Tough to cut South China Sea deal with Beijing by 2026, say experts

Tough to cut South China Sea deal with Beijing by 2026, say experts

Analysts from Singaporean and Malaysian think tanks say any agreement on the South China Sea code of conduct depends a lot on China, citing differing legal interpretations and Asean members’ fear of a harsh response from Beijing.

Analysts say interpretation of international law and nature of activities in the South China Sea are among the stumbling blocks that are likely to prevent China and Asean from coming to an agreement. (EPA Images pic)
PETALING JAYA:
Foreign policy experts believe it will be tough for Asean to finalise the long-awaited South China Sea code of conduct in 2026, the year when the Philippines leads the regional bloc at chair.

Joanne Lin, senior fellow at Singapore’s ISEAS-Yusof Ishak Institute, said it is almost certain the code will be among the new Asean chair’s top priorities due to its escalating maritime tensions with China.

While Manila will push for a legally binding code of conduct, Lin said, progress will be hindered by China and Asean’s disagreement on key issues concerning the South China Sea, such as the interpretation of international law and what activities the code should regulate.

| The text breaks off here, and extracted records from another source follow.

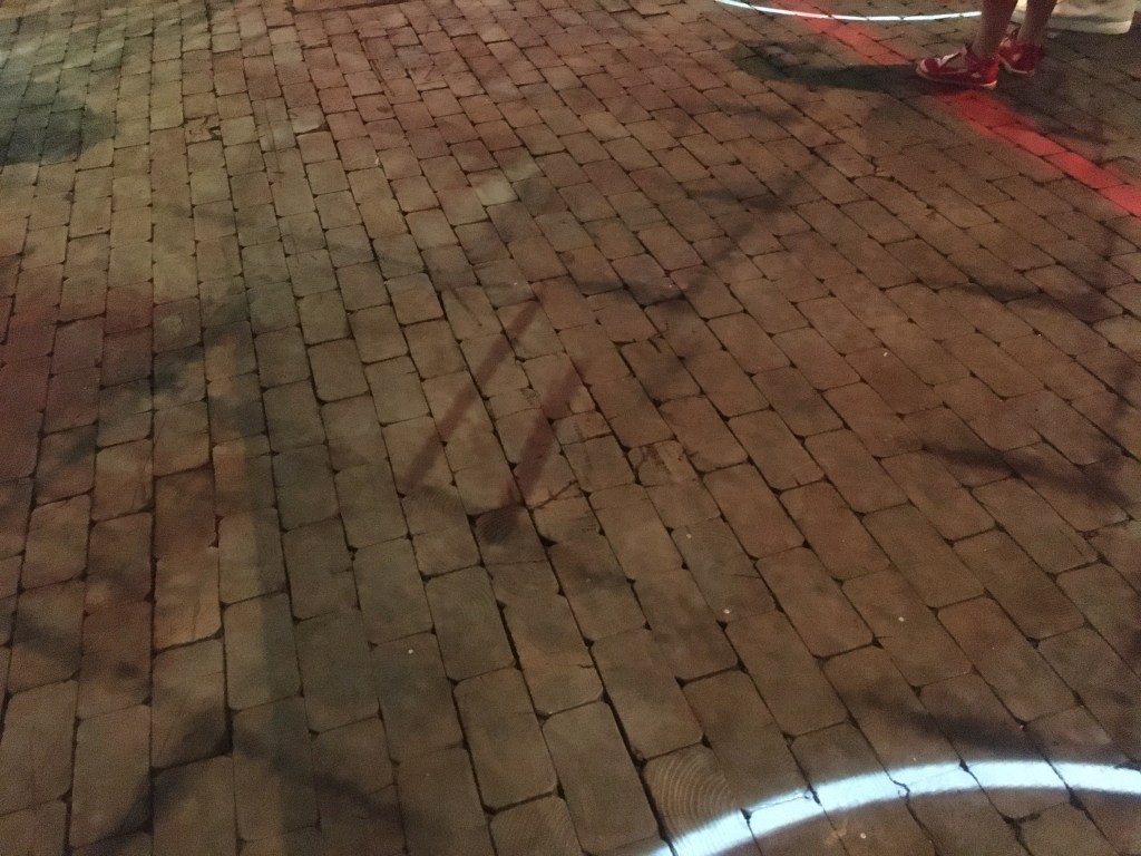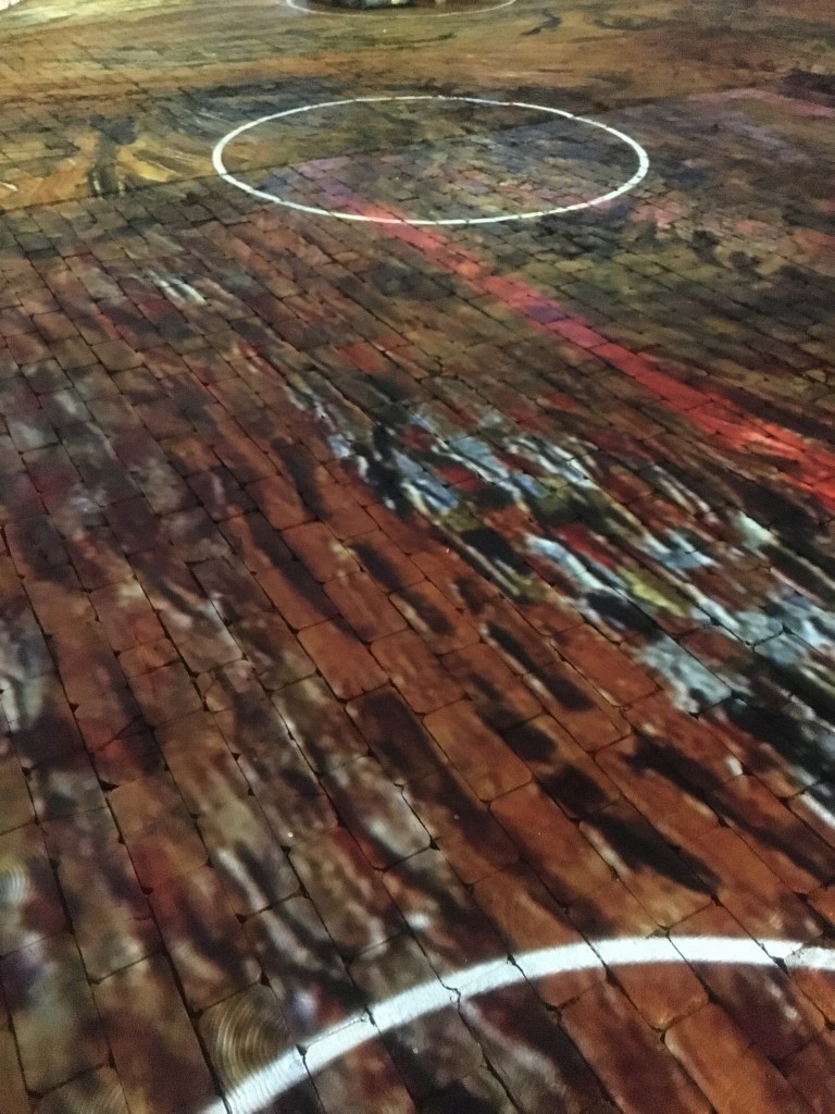 Even the floor becomes part of the art so you’re literally in the painting. The floor of this particular converted art space is wooden blocks of different sizes. This added another dimension of texture as Van Gogh’s paint spread across the room. (the white circles are for social distancing)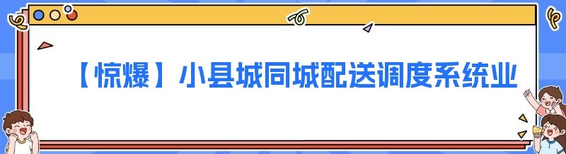 【惊爆】小县城同城配送调度系统业务,你还不知道就亏大啦!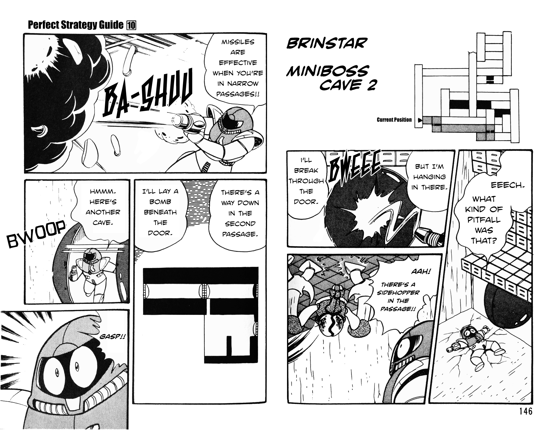 In Victory Techniques for Metroid, Samus rushes into this room and begins to fall, but sees "water" (acid) below and assumes she is saved. Comically, she falls through the acid and lands in the floor, leaving an impression in it.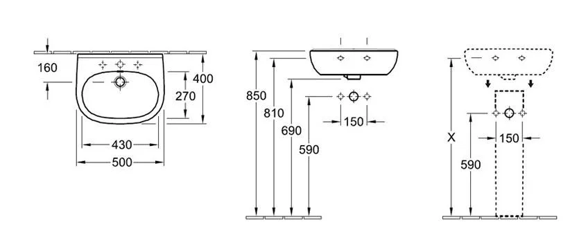 - Для 3-позиционного смесителя, центральное отверстие для смесителя выбито
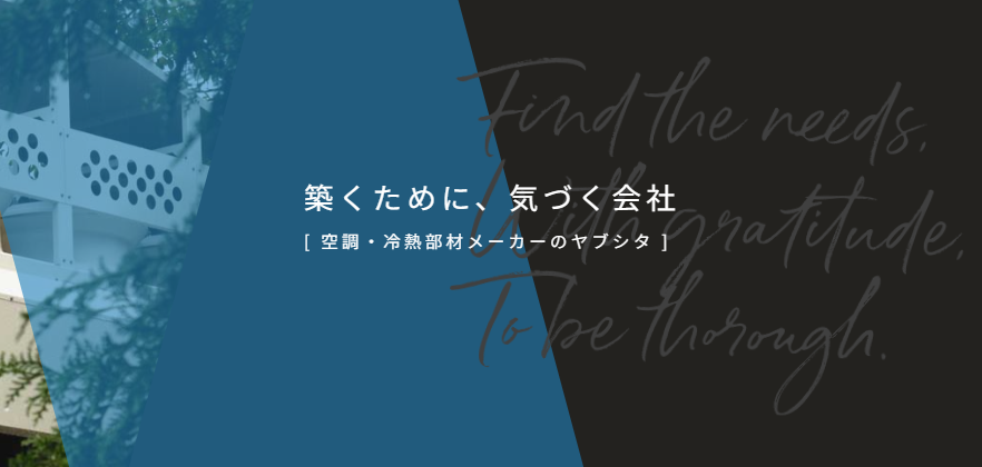 ヤブシタグループは、空調・冷熱部材の設計・製造・販売を主軸とし、建築設計、電気工事、再エネなど16社が連携する総合ソリューション企業です。20年以上の実績とISO9001取得工場を背景に、解析技術も駆使した高品質製品をワンストップで提供。独自の「氣づき・感謝・丁寧」を理念に、人間力×技術で顧客価値を創造します。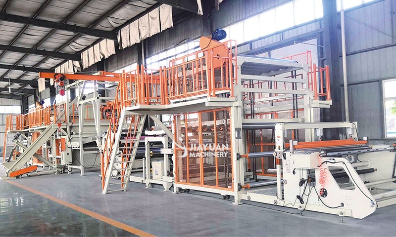 The main feature of this machine is for non-asphalt-based waterproofing membrane production linemachine equips with front material storage, coating glue, edge film covering, complete film coveringcoating sand, roll material storage, auto cutting, rewinding roll, unloading material. Meanwhilemachine has auto correction control system, steady glue output svstem and PLC touch screensystem. The runner of coating die has special designation, uniformity glue coating, non-stop whenroll material change, high level automation,easy operation, save labor, improve efficiency andreduce material waste. Machine width can be customized according to customer requirements.

“So, while the Philippines will inject urgency and political weight into the process, expectations must be measured. It can keep momentum alive, but major breakthroughs will depend on whether Beijing is willing to shift its longstanding negotiating position,” she told FMT.

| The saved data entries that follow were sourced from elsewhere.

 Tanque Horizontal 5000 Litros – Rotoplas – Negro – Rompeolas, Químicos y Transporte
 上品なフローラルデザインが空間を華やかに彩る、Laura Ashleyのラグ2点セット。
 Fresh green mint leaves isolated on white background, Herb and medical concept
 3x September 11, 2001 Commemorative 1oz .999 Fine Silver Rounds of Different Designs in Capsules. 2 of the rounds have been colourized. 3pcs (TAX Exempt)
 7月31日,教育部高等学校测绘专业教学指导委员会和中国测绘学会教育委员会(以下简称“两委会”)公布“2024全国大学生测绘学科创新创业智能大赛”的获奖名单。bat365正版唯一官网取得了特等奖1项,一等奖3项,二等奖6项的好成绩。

Lin added that Asean also has to grapple with internal divisions. Given that maritime disputes are very structural in nature, finalising a legally binding agreement is unlikely in the short term, she said.

In 2016, the Permanent Court of Arbitration in The Hague ruled that China had no basis for its territorial claims in the South China Sea.

Despite this, the major power has continued to assert sovereignty over almost the entire maritime region, leading to repeated clashes, particularly between Filipino and Chinese vessels, which have even led to collisions.

China has also encroached into parts of Malaysia’s exclusive economic zones (EEZs) near Sabah and Sarawak, including one instance last year reportedly involving three Chinese coast guard vessels near a Petronas offshore oil rig.

According to the Asia Maritime Transparency Initiative, at least one Chinese coast guard vessel entered and operated in Malaysian waters every day between Jan 1 and Sept 27 last year.

Malaysia also faces the challenge of illegal and unregulated fishing by Vietnamese and Chinese fishing vessels in its EEZs, which some observers have said are going unreported.

Thomas Benjamin Daniel of Malaysia’s Institute of Strategic and International Studies said it is clear that more than a few Asean nations are hesitant about finalising the code, especially for fear of drawing a harsh response from Beijing.

The analyst added that all it takes for the 2026 deadline to be missed is for one Asean member state to delay or disagree with the code of conduct.

“While the code could help manage tensions in the contested South China Sea, it risks further constricting their already narrow strategic wiggle room, especially against China’s presence and dominance in the contested waters,” he said.

Outside the code of conduct, Daniel does not see Asean claimant states being able to take other steps to address territorial disputes in the South China Sea, citing a distrust among these nations “as much as they distrust China”.

“Negotiations in good faith, transparent where necessary, based on international laws and norms, will be a good start. However, I don’t really see that happening.”

Malaysia’s key role in 2026

Nevertheless, Malaysia is set to continue playing a key role in the code of conduct talks as it continues serving as the Asean-China relations coordinator until 2027.

Daniel said Malaysia will be very involved in discussions next year as it continues coordinating talks between Asean and China, with key deadlines already set.

However, he is more pessimistic on the possible outcome, saying the final document may turn out to be valuable but is likely to be “just another Asean document”, in the sense that it will only be declarative and vague.

“Time will tell,” he said, citing the various interests and distrusts at play among the nations involved.

Lin maintained that the code of conduct is still a crucial instrument for regional stability, though its form should be realistic and pragmatic.

She credited Putrajaya with being consistent and keeping the momentum of discussions alive as coordinator between Asean and China, pushing for regular talks and keeping unity amid heightened tensions.

“While no major breakthroughs emerged under its Asean chairmanship, this was largely due to structural constraints rather than a lack of effort by Malaysia, which had ensured the issue did not slip off the agenda.”

She suggested Asean pursue more modular or issue-based deals with China that could serve as tools to manage risks and incidents, such as agreements on managing incidents at sea, rules on dangerous manoeuvres and protocols for law-enforcement interactions at sea.

“These can be complemented by joint or coordinated patrols, better maritime domain awareness through shared information, and capacity-building with partners to reduce the asymmetry with China.

“The value of the code of conduct lies not only in the legal text, but in the continued relevance of Asean as a stabiliser,” Lin added.